The warming since the mid-18th century is estimated to be around 1.1 degrees Celsius. The surface temperature has increased by 0.1 degrees Celsius every 5 to 6 years since the 1970s. 2015, 2016, 2017 and 2018 are the four hottest years on record.

To limit the effects of climate change, the signatory countries of the United Nations Framework Convention on Climate Change (UNFCCC) have set themselves the objective in the 2015 Paris Agreement to "Contain the rise in the average temperature of the planet below 2 ° C compared to pre-industrial levels ”.

In order to limit the temperature rise, a mitigation strategy has been adopted. It consists of slowing down the causes of climate change by limiting net greenhouse gas (GHG) emissions.

However, given the long lifespan of greenhouse gases accumulated in the atmosphere, the increase in temperatures by the end of the century is inevitable and all regions of the world are concerned. A climate change adaptation strategy is therefore necessary to limit its consequences on our environment.

The objectives of adaptation are to anticipate the impacts of climate change and limit their possible damage by intervening on the factors that control their magnitude (for example, the urbanization of risk areas).

The concentration of CO2 in the atmosphere is a good indicator of climate change. It is evaluated in ppm CO2 (parts per million) which is the fraction equal to 10–6, ie one millionth. 1ppm of CO2 is equivalent to saying that there is 1 molecule of CO2 for 1 million molecules of other gases (= 1mg of CO2 / 1 kg of gas).

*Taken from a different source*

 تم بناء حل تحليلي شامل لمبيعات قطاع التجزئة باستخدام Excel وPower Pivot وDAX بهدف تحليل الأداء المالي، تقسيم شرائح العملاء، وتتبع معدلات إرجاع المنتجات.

On the first graph, we see the evolution of the CO2 concentration over the last 800,000 years. From the beginning of human civilization (-3500) until 200 years, our atmosphere oscillated between 180 and 280ppm of CO2. This level allowed the maintenance of living conditions conducive to the development of our species. In order to contain the rise in temperatures to less than + 2 ° C, it is estimated that the safety level would be 350ppm of CO2 in the atmosphere.

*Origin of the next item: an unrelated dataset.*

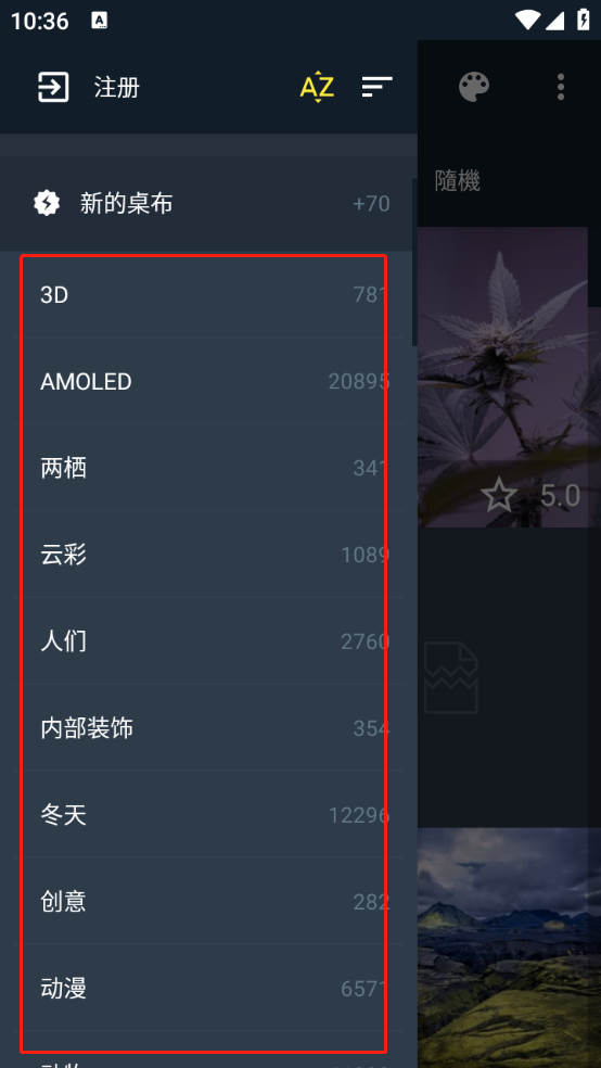 4、点击左上角的三条横线图标,这里为大家提供了各类详细的壁纸分类。

The second graph shows the evolution of the CO2 concentration between 1960 and 2020. We then notice a very clear increase in the concentration in recent years with a rate of 320 ppm in 1960 which exceeds the threshold of 405 ppm in 2017.

Global CO2 emissions per year now exceed 40 GtCO2 per year (41.5 GtCO2 in 2018).

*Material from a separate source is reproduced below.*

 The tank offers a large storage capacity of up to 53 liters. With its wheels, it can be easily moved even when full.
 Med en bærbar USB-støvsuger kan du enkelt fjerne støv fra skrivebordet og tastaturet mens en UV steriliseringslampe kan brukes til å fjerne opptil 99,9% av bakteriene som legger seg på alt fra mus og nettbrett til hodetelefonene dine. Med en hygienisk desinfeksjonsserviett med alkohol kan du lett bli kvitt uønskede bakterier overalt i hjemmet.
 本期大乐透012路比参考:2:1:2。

The oceans absorb 94% of the heat linked to the increase in CO2, causing the Arctic and Antarctic ice to melt and the sea level to rise.

According to the IPCC, the rate of sea level rise has accelerated in recent decades to reach nearly 3.2mm per year over the period 1993-2010. This rise in the level of the oceans results in the retreat of the coastline and the disappearance of low-altitude island territories.

GREENLAND ICE MASS BALANCE FROM 2002 TO 2019

The polar regions are losing ice and this loss accelerated in the 2000s. Between 2002 and 2019, the mass of the Greenland ice sheet shrank by an average of 268 ± 11 gigatons per year (Gt / year) . During the unusually warm arctic summer of 2019, Greenland lost 600Gt of ice, equivalent to a sea level rise of 2.2mm.

source: GRACE, GRACE-FO. Processing: Danish Meteorological Institute, GEUS, DTU Space

EVOLUTION OF THE AVERAGE LEVEL OF THE GLOBE SEAS SINCE 1993:

The average sea level rose by 1.7 ± 0.3 mm / year over the period 1901-2010. The rate of sea level rise has accelerated in recent decades to reach 3.3 ± 0.4 mm / year over the period 1993-2019 (satellite measurements). About 30% of sea level rise is due to expansion caused by increasing water temperature.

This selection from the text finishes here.